4.1 | Acclimation of photosynthesis to extreme atmospheric and climate change conditions
Experimental research on photosynthetic responses to elevated CO2 has focused on economically important species and on temperate and boreal ecosystems, leaving a knowledge gap in the tropics (Leakey, Bishop & Ainsworth 2012) where high temperatures are increasingly common (Tiwari et al. 2020), especially in association with El Niño events (Rifai, Li & Malhi 2019). Physiological processes in tropical trees are obviously the same as those for temperate vegetation, but temperature regimes in the tropics have long been relatively stable, and current increases of the already high ambient temperatures in the tropics may result in different thermal sensitivities than in non-tropical species (Corlett 2011).
The observed shifts in the short-term temperature response of net photosynthesis towards a higher optimum temperature under treatment conditions is consistent with acclimation of photosynthesis to higher temperatures (Yamori, Hikosaka & Way 2014; Way & Yamori 2014; Slot & Winter 2017a). Furthermore, TOpt of VCMax and JMax were moderately higher under treatment than control conditions, consistent with observed warming effects on other ecosystems (Kattge & Knorr 2007). However, at 400 ppm TOpt was almost 5°C higher in treatment plants that experienced ~5°C higher daytime temperatures than in controls, while TOpt commonly only increases by ~0.4°C per degree increase in growth temperature at ambient CO2 (Yamori et al. 2014; Slot & Winter 2017a). TOpt of net photosynthesis also increases when temperature responses are measured at elevated CO2because the beneficial effect that elevated CO2 has on reducing photorespiration is greater at higher than at lower leaf temperatures (Brooks & Farquhar 1985). In the current study TOpt increased regardless of measurement CO2 (Fig. 1), but higher Ci in the treatment plants can account for reduced photorespiration and higher TOpt. The difference in TOpt between control and treatment plants thus reflects a response to the combination of elevated temperature and elevated CO2, consistent with observations of additive effects of warming and elevated CO2 on TOpt of two boreal tree species (Dusenge et al. 2020).

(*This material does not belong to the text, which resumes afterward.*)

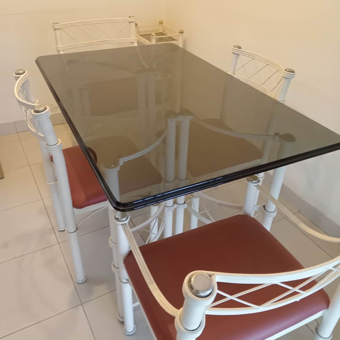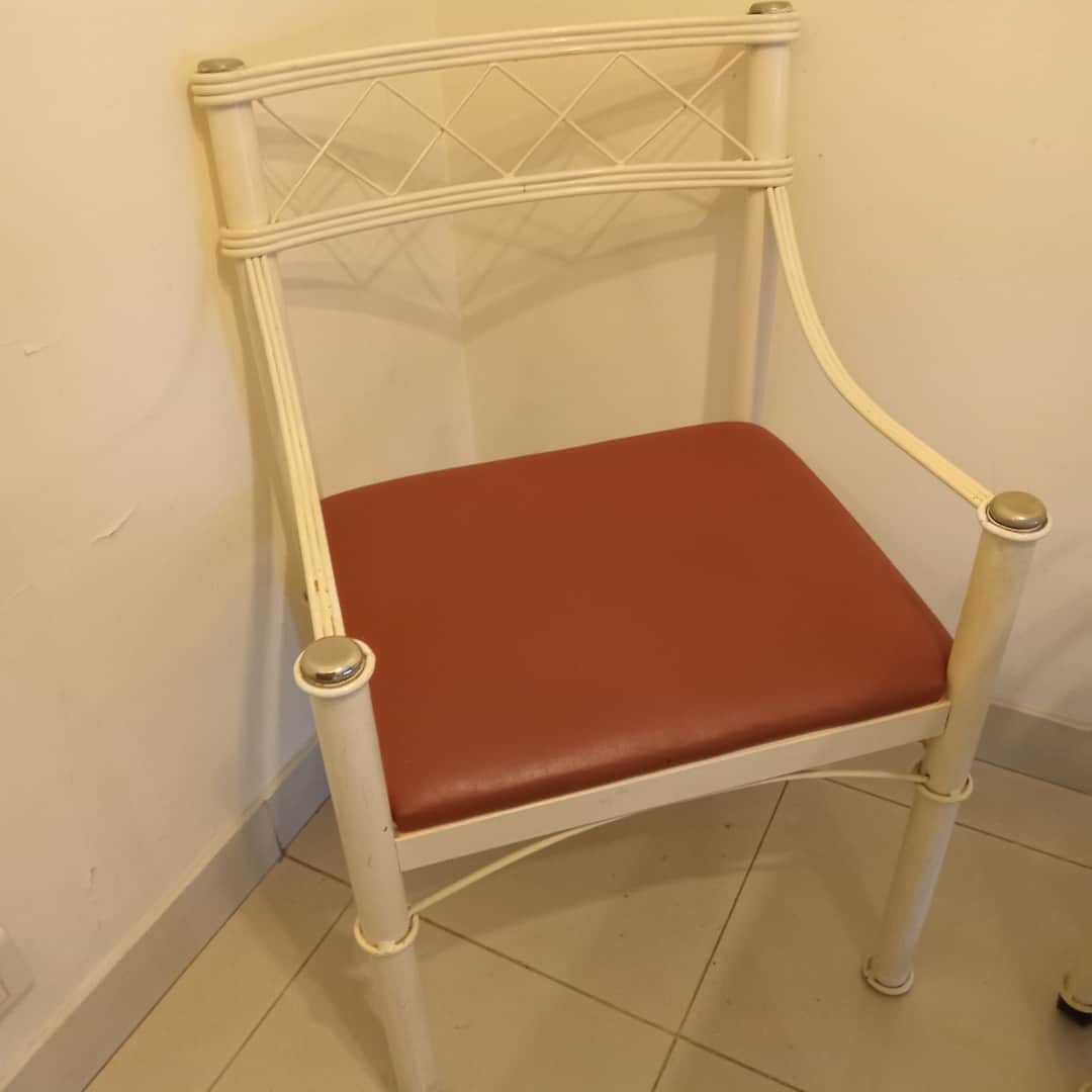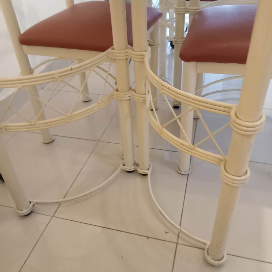 Mesa base metal y tapa vítrea fumé + 2 sillas + 2 sillones cabecera en hirro y asiento tapizado en cuerina rosa.

Prolonged exposure to elevated CO2 can result in feedback inhibition of photosynthesis if more carbohydrates are synthesized than are exported to sink organs (e.g. Neales & Incoll, 1968). Accumulation of carbohydrates can then lead to reduced levels of Rubisco protein, and a reduction in VCMax (Moore, Cheng, Sims & Seemann 1999). VCMaxindeed tended to be lower in treatment than control plants across much of the ecologically relevant temperature range (Fig. 3), as were net photosynthesis and leaf nitrogen content. Furthermore, higher LMA in treatment plants may indicate accumulation of carbohydrates. Photosynthesis measured at 800 ppm—outside the carboxylation limited range of Ci—was reduced as much as at 400 ppm in treatment plants, so while there may have been feedback inhibition, lower VCMax alone cannot account for reduced net photosynthesis. JMax was, however, also reduced, as is commonly observed with plants grown at elevated CO2 (Ainsworth & Rogers 2007), probably related to the reduced nitrogen content in leaves of treatment plants (Table 1).
The mechanisms underlying thermal acclimation are not fully understood, but a relationship between TOpt and the JMax/VCMax ratio has long been known. Here we found weak relationships, both for JMax/VCMax at 30°C and JMax/VCMax at their respective TOpt (Fig. S5). Changes in the activation energy (Ha, in Eqn 3) have been found to play an important role in acclimation in some studies (e.g. Hikosaka et al. 2006; Kumarathunge et al. 2019; Dusenge et al. 2020), whereas Kattge & Knorr (2007) found that ΔS, the entropy term of the instantaneous temperature response, was significantly impacted by plant growth temperature . In the current study TOpt of P400 and P800 scaled with ΔS of VCMax and with TOpt of VCMax (Fig. S5). In contrast, TOpt of P400 and P800did not correlate significantly with Ha of either of the biochemical parameters. An issue with the use of ΔS is that it is strongly influenced by the value of Hd (Stinziano et al. 2018), and Hd can generally not be reliably estimated due to the lack of data points above TOpt of VCMax. Even when using informed priors we were not able to estimate Hd reliably and had to use a fixed value of 200 kJ mol–1. The resulting ΔS estimates, although not very well-constrained, correlated much better with TOpt of P400 and P800than the JMax / VCMax ratio, lending support to Kattge & Knorr (2007).